The example I have to hand is
http://www.eyrie-productions.com/Forum/dcboard.cgi?az=read_count&om=138&forum=DCForumID24&viewmode=threaded
; many other posts on this forum have the same problem. Take note of the
vintage HTML. I suggested to the admins of this site that they add <meta
charset="utf-8"> to the master page template, and was told that no one
involved in current day-to-day operations has the necessary access
privileges. I suspect that this kind of situation is rather more common
than we would like to believe.
2. For some of the fallback-encoding-is-wrong bugs still open, a binary
UTF-8/unibyte heuristic would save the localization from having to
choose between displaying legacy minority-language content correctly and
displaying legacy hegemonic-language content correctly.
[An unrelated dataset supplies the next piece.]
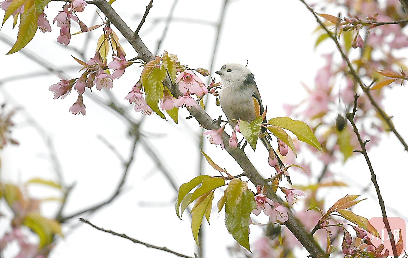 鸟友们持“炮”在樱花树下寻觅白长尾山雀。
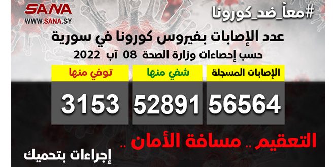 وأوضحت الوزارة في بيان تلقت سانا نسخة منه أن عدد الإصابات المسجلة في سورية بلغ حتى الآن 56564 شفيت منها 52891 حالة وتوفيت 3153 حالة.

If I understand
correctly, this is the case at least for Welsh:
https://bugzilla.mozilla.org/show_bug.cgi?id=844087 .
3. Files loaded from local disk have no encoding metadata from the
transport, and may have no in-band label either; in particular, UTF-8
plain text with no byte order mark, which is increasingly common, should
not be misidentified as the legacy encoding. Having a binary
UTF-8/unibyte heuristic might address some of the concerns mentioned in
the "File API should not use 'universal' character detection" bug,
https://bugzilla.mozilla.org/show_bug.cgi?id=848842 .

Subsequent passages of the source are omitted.